Public Key Cryptography and Key Distribution

Administrative Concerns and Lecture Logistics

Accessing Recordings: There have been issues with the lecture recordings. Specifically, it was reported that Lecture 2 was a duplicate of Lecture 1. This error was discovered during a morning check of the system.
Material Sharing: Students are encouraged to talk with colleagues and share information among themselves while technical issues regarding system access and enrollment are being sorted out. The instructor permits students to attend lectures even if their enrollment process is not yet complete.
Audio Quality: Feedback from students who accessed recordings confirmed that the audio quality is acceptable, even though the remote microphone was not initially used.
Class Representative: A class representative was needed for standard student meetings. Steve volunteered to take the position. The instructor will provide the necessary registration forms next week.
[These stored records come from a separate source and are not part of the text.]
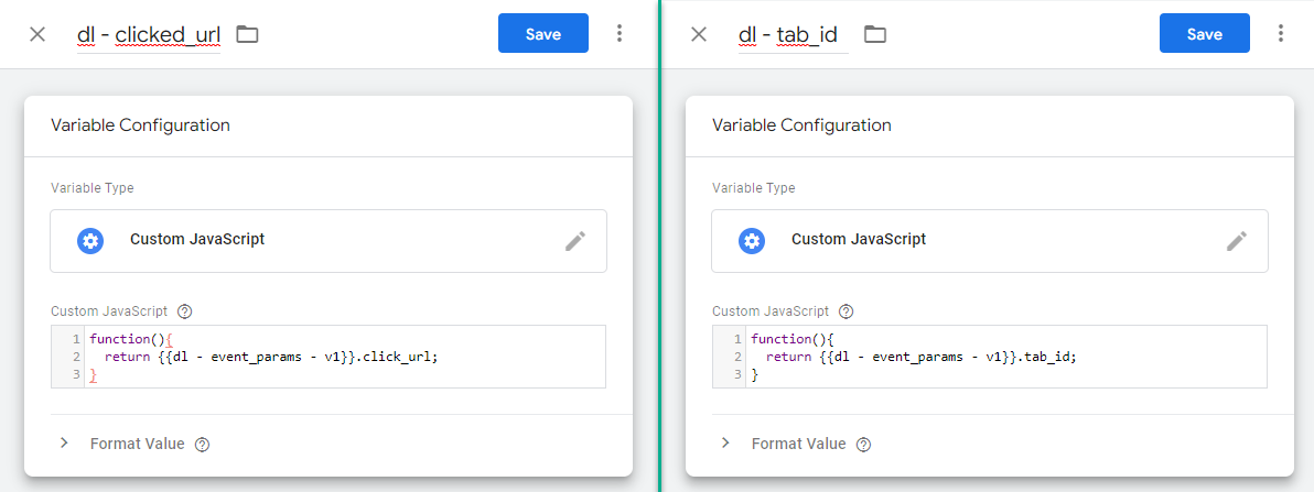 }):Then in Google Tag Manager we'd be defining two variables. let's name them {{dl - clicked_url}} and {{dl - tab_id}} . Let's see how they would look depending on how we read them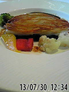 メインは、お魚が交代で、平目。の上にポテトを乗せて、グリルしたもの。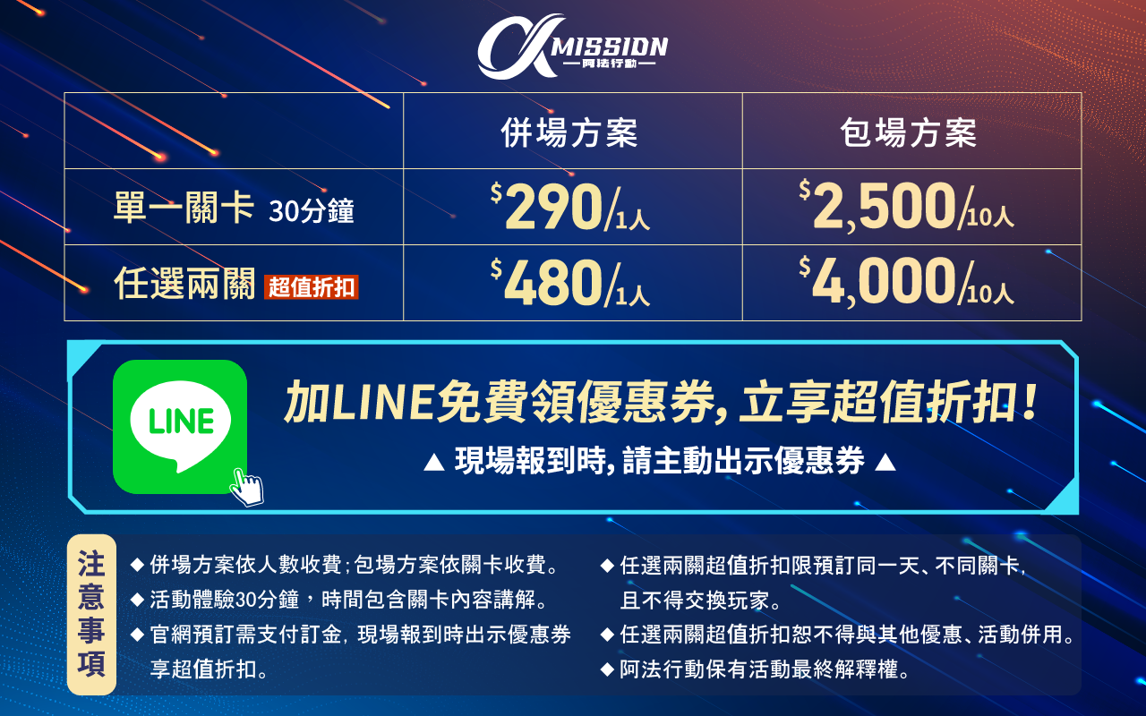 超過12人以上的團體請+官方賴 : @missionaa,讓我們幫你規劃活動行程。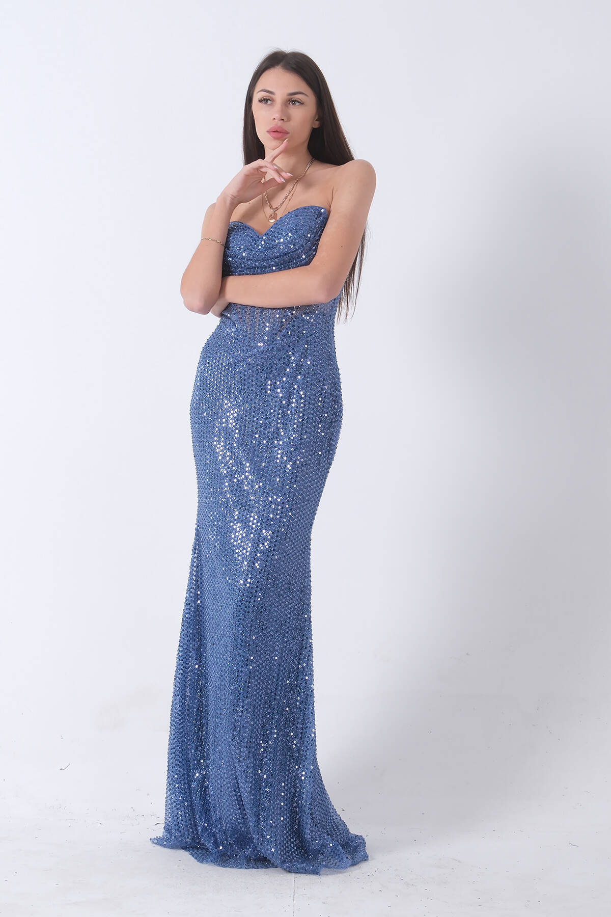 İndigo Pul Taş İşlemeli Straplez Balık Abiye 9705304.98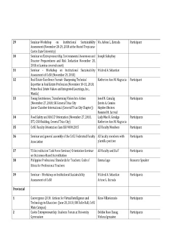 39 Seminar – Workshop on Institutional Sustainability Mildred A. Sebastian Participants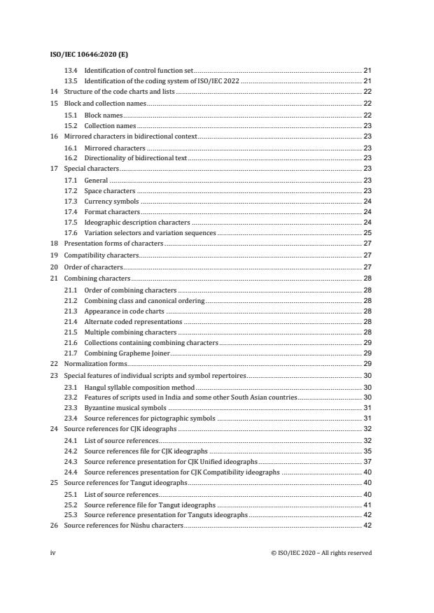 - Architecture and codespace: Defines structure, terminology, types of code points, and naming conventions for characters and control functions.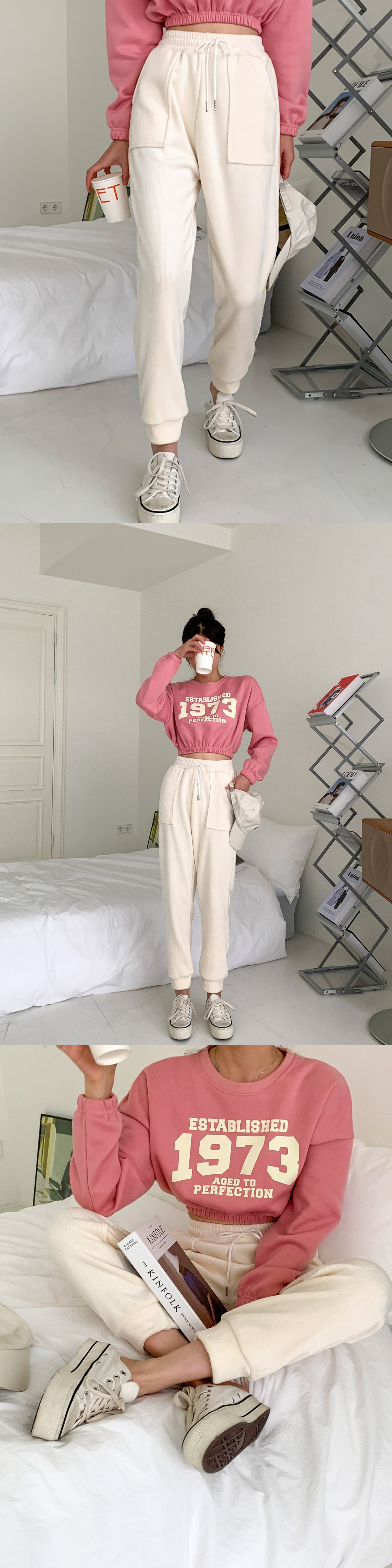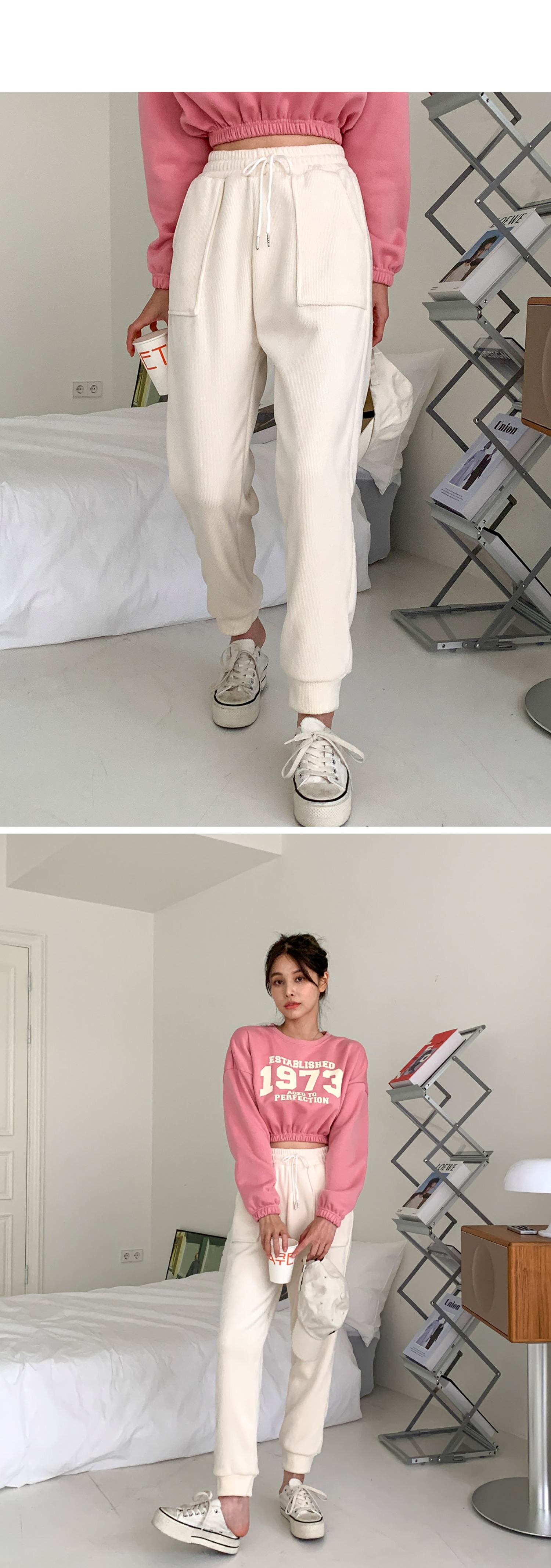 여성 기모 밴딩 골덴 조거 바지 팬츠 아이보리 브라운
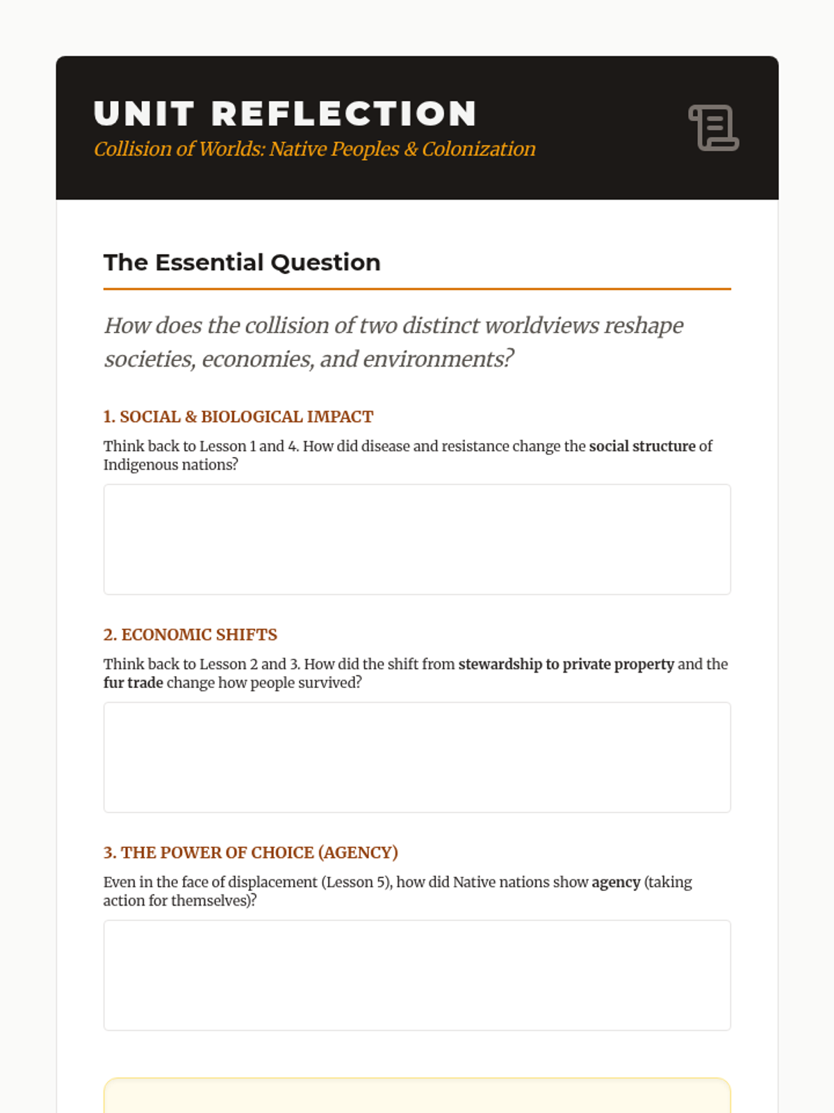 This sequence analyzes the complex interactions between Indigenous nations and European colonizers, moving beyond simple narratives of conquest. Students examine the Columbian Exchange, shifting trade alliances, and the various forms of resistance and cooperation, emphasizing Indigenous agency and long-term consequences.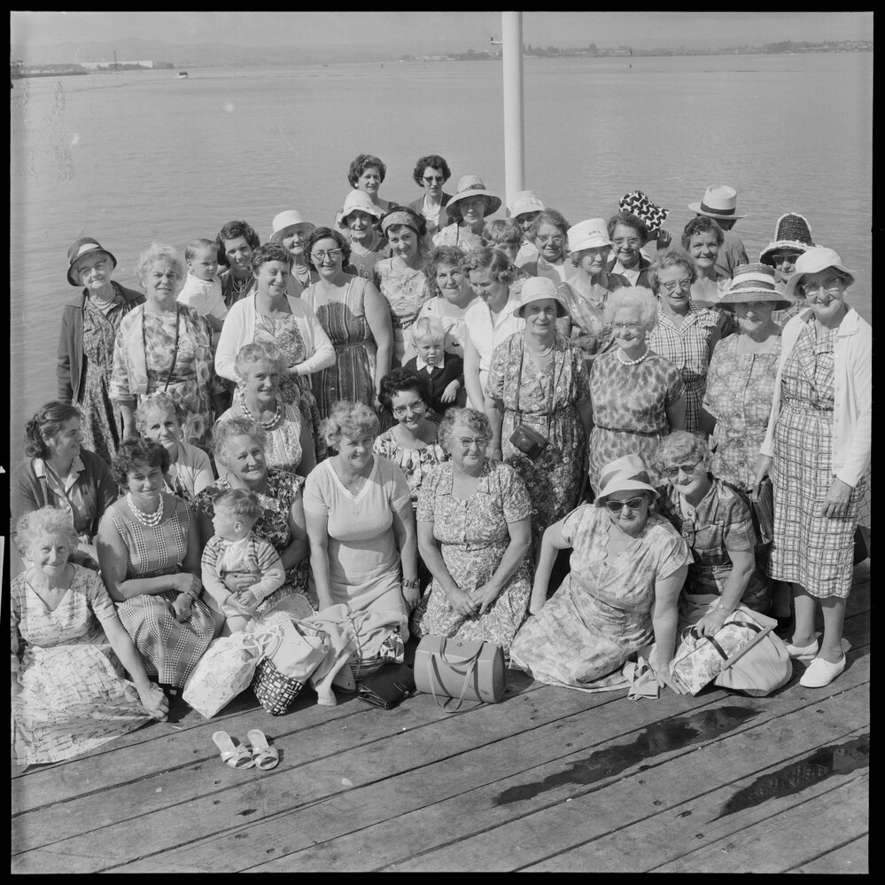 CWI members picnic party at Mount Maunganui Wharf, heading for Ōmokoroa, February 1965.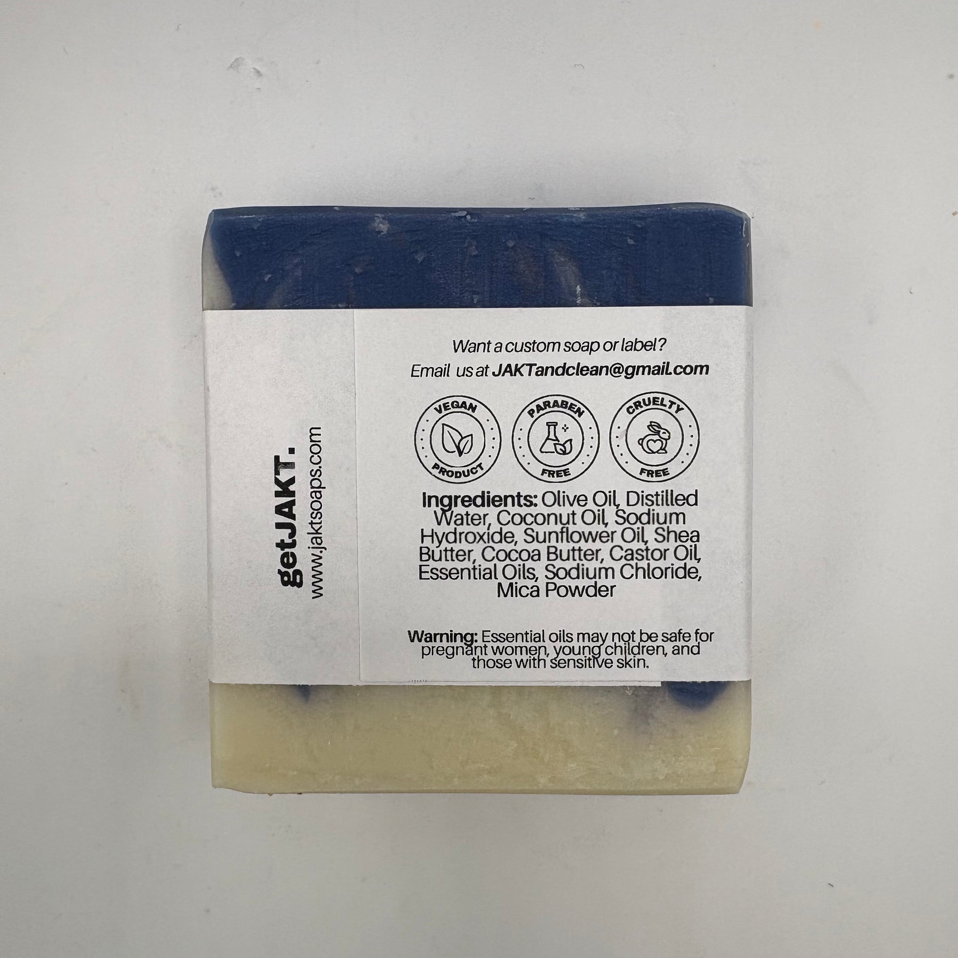 Ingredients: Olive Oil, Distilled Water, Coconut Oil, Sodium Hydroxide, Sunflower Oil, Shea Butter, Cocoa Butter, Castor Oil, Essential Oils, Sodium Chloride, Mica Powder.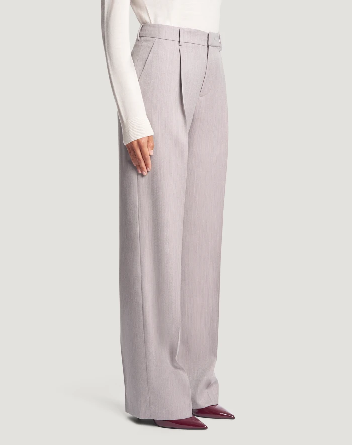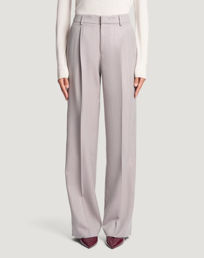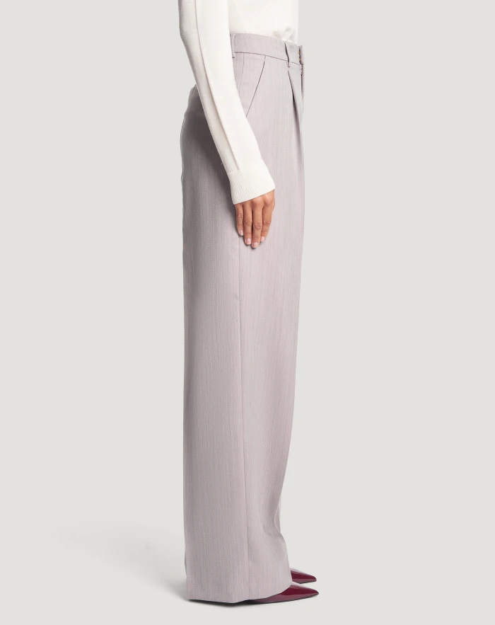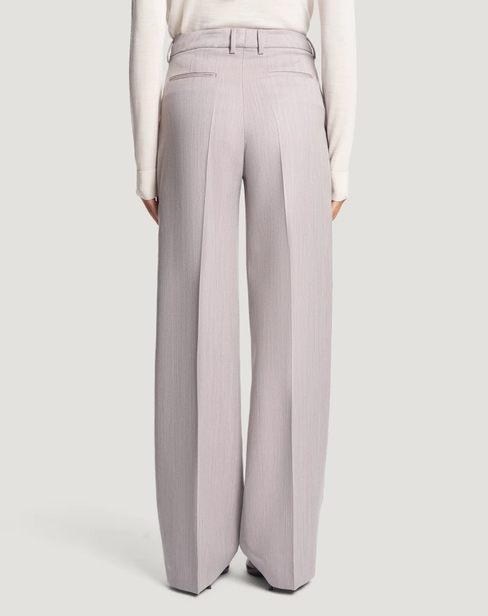 Trousers in pure wool with a malfilé effect, a soft comfortable fabric with a knit finish.With a regular fit, wide cut and front pleat, they are perfect for a special occasion, also paired with the matching jacket.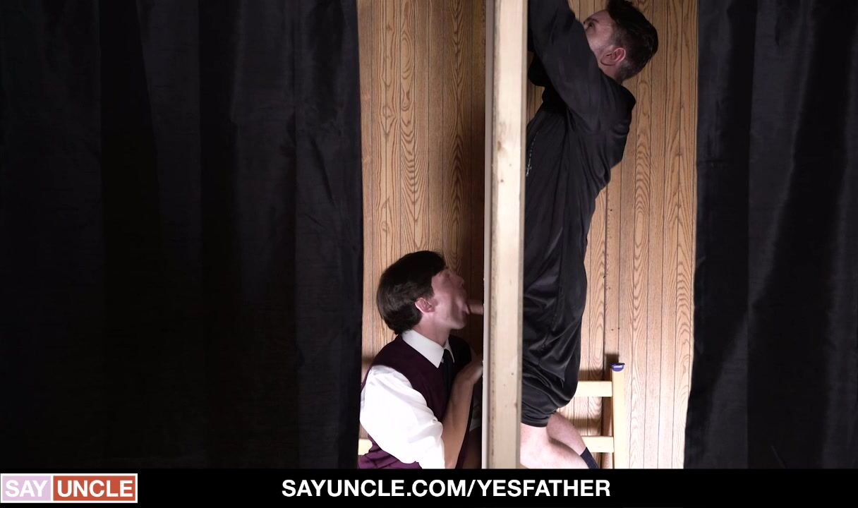 Pure Catholic boy Edward Terrant confesses that he’s had intimate relations with his girlfriend to nasty priest, Father Dale Kuda, and things quickly take a sexual turn. The dirty-minded priest cleanses the boy’s mind by digging his delicious dick deep in the boy’s gut and shooting a gooey load of semen.

Application of Public Key Cryptography in Session Key Sharing

Efficiency Considerations: Asymmetric encryption (Public Key Cryptography) is mathematically complex and computationally intensive. Therefore, it is considered inefficient and slow for transmitting large amounts of data over a long session. It is not suitable as a primary means of high-speed data transmission.
Primary Use Case: Asymmetric encryption is highly effective and acceptable for encrypting very small amounts of data. The most common use is the secure transmission of a session key, secret key, or master key.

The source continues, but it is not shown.